As I noted above, even if the present cycle of industrial-technological progress cannot solve some particular technological problem, it can sometimes find away around them, and some of our most surprising innovations have been unexpected ways of gaining information from limited data. This is the case, for example, with exoplanets. At one time it would have been thought impossible to know anything about other planetary systems before we have visited them, but now we are routinely finding exoplanets, and we will probably in the coming decades, with even more powerful instrumentation, be able to detect the atmospheres of small, rocky exoplanets (in contradistinction to “hot Jupiters”).

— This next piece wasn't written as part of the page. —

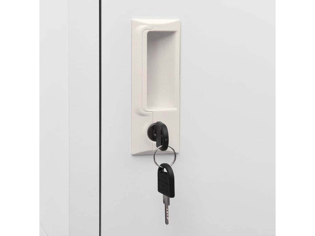 Se 2 přihrádkami s uzamykatelnými dveřmi má tato skříňka dostatek úložného prostoru pro uložení oblečení a dalších věcí. Každá přihrádka je vybavena závěsnou tyčí a držákem na jmenovku. Uzamykatelná skříňka je vyrobena z vysoce kvalitní oceli, proto má dlouhou životnost a snadno se čistí. Sestavení je opravdu snadné.

In saying this, I am thinking of some of the clever ways that technology might find a way of getting around the limitations of the human body in terms of interstellar flight. The human body is vulnerable to high acceleration, to radiation, to age, and to the thousand natural ills that flesh is heir to. With the limits of the human body we run into the limits of biological engineering. But if human beings were “reconstituted” at the far end of an interstellar flight, bodies would not need to be subject to acceleration, radiation, or long flight times. But there are limits, given our present state of knowledge, of how much radiation even a starship and its essential systems could bear. Is this an engineering limit, or a technological limit, or a scientific limit? It would probably be artificial to try to classify it as any single limitation. We could say that a problem is “beyond physics” or “beyond our knowledge” and these would be right — such formulations in terms of physics or knowledge also bring out the ambiguity or conventionality of distinctions among science, technology, and engineering.

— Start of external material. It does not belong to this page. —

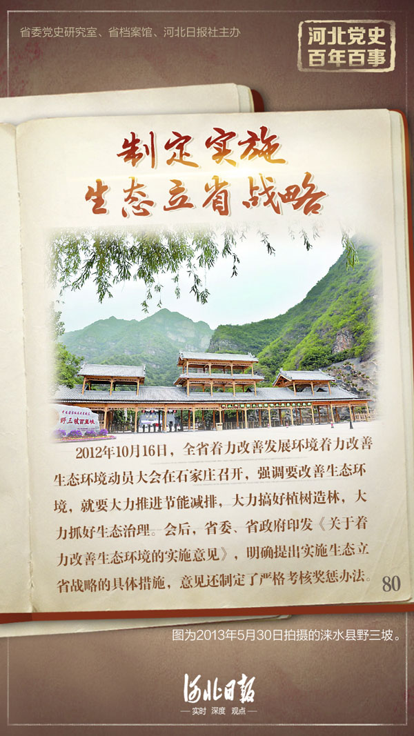 2012年10月16日,全省著力改善發(fā)展環(huán)境著力改善生態(tài)環(huán)境動(dòng)員大會(huì)在石家莊召開(kāi),強(qiáng)調(diào)要改善生態(tài)環(huán)境,就要大力推進(jìn)節(jié)能減排,大力搞好植樹(shù)造林,大力抓好生態(tài)治理。要加快構(gòu)建綠色低碳產(chǎn)業(yè)體系,積極推進(jìn)綠色生態(tài)建設(shè),加快環(huán)境污染綜合整治,創(chuàng)新環(huán)境保護(hù)體制機(jī)制,全面推進(jìn)生態(tài)文明建設(shè)。會(huì)后,河北省委、省政府印發(fā)《關(guān)于著力改善生態(tài)環(huán)境的實(shí)施意見(jiàn)》,明確提出實(shí)施生態(tài)立省戰(zhàn)略的具體措施,并提出了四大目標(biāo)、五大任務(wù)、六大工程。意見(jiàn)還制定了嚴(yán)格考核獎(jiǎng)懲辦法。2016年2月19日,河北省印發(fā)《河北省生態(tài)環(huán)境保護(hù)責(zé)任追究暫行辦法》,對(duì)在落實(shí)生態(tài)環(huán)境保護(hù)責(zé)任過(guò)程中不履職、不當(dāng)履職、違法履職、未盡責(zé)履職導(dǎo)致產(chǎn)生嚴(yán)重后果和惡劣影響的責(zé)任人依法依規(guī)進(jìn)行責(zé)任追究。

That being said — and I will continue to think about this, and try to determine if I need to revise my formulations of industrial-technological civilization in terms of constraints — I think that the ability of the same resources of industrial-technological civilization to approach problems indirectly, in contradistinction to a direct frontal attack, will eventually find ways around what now seem like insuperable limitations of physics or knowledge.
The same artificiality of an incorrigible distinction science, technology, and engineering means that an innovative solution to any one limitation can address the other limitations indirectly.